There's a very "fundamental right we all have: the right to self defense against those trying to do us harm, or those we believe are trying to do us harm," Icenhauer-Ramirez argued. And Wagner "doesn't give up that right to self-defense" just because he's a cop on the beat. Indeed, Icenhauer-Ramirez argued not only that Wagner had the right to protect himself, but the duty to defend Rodriguez who he saw go down before opening fire.

That may be the case, but only if Wagner or Rodriguez had been injured, or were in danger of being injured and that's not what happened, Loewy asserted. Rodriguez was not injured by the car, he argued. Rodriguez had previously injured his Achilles some weeks before and Loewy contends that in moving aside as Webb drove the car past him that night, Rodriguez somehow re-injured his ankle. He pointed to a photo of Rodriguez taken at Brackenridge the night of the shooting that depicts Rodriguez sitting on the edge of a hospital bed, his right ankle wrapped in gauze, but otherwise appearing free of bruises, scratches, or of dirt or asphalt marks although Rodriguez said he was knocked to the ground. Moreover, the hospital report noted only that Rodriguez had a hurt ankle, for which he should take Motrin, Loewy said.

The notion that Rodriguez was injured was a lie concocted by the officers and the APD in order to justify the actions of a rogue officer firing into a car simply to stop it, Loewy asserted. "It is against all police procedure, it is against all common sense, and it is why Byron Carter, the passenger" in the car was killed that night, he said.

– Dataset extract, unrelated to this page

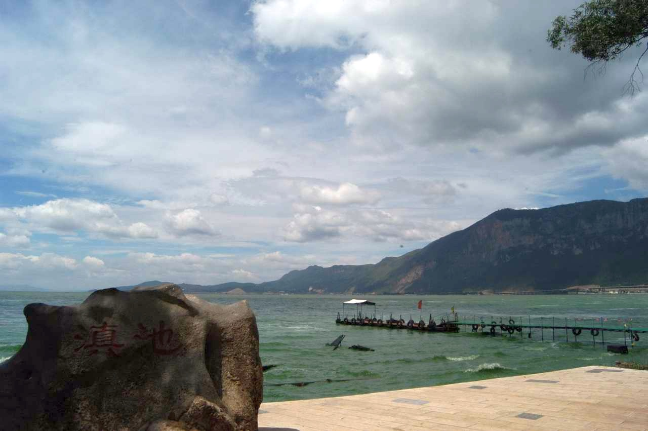 Lake Dian (a.k.a. Dianchi) (south of Kunming, Yunnan)

Actually, Icenhauer-Ramirez argued, it was Carter and Webb's fault that the interaction went sideways – imploring the jury to not hold it against his client if they were offended by his straightforward assertion: "A tragedy is a misfortune that somehow befalls someone," he said. "These two men decided to do what they did" to pull away from the curb quickly – prompted by Carter's admonition to Webb that he "Go!" – and to aim the vehicle directly for two police, putting the cops – and themselves – into harm's way.

According to the defense, Webb and Carter were more likely up to no good that night. As they sat in the car before, with the a/c on Carter suddenly yelled "Go!" because he knew that he and Webb were in danger of being caught doing something wrong, the defense has asserted. Found on Carter's lap that night was a pile of cash, in small denominations, Icenhauer-Ramirez noted during closing – and the jury should use common sense to deduce where it came from. "It can't be a tragedy if you know [what you're doing] before you do it," he said.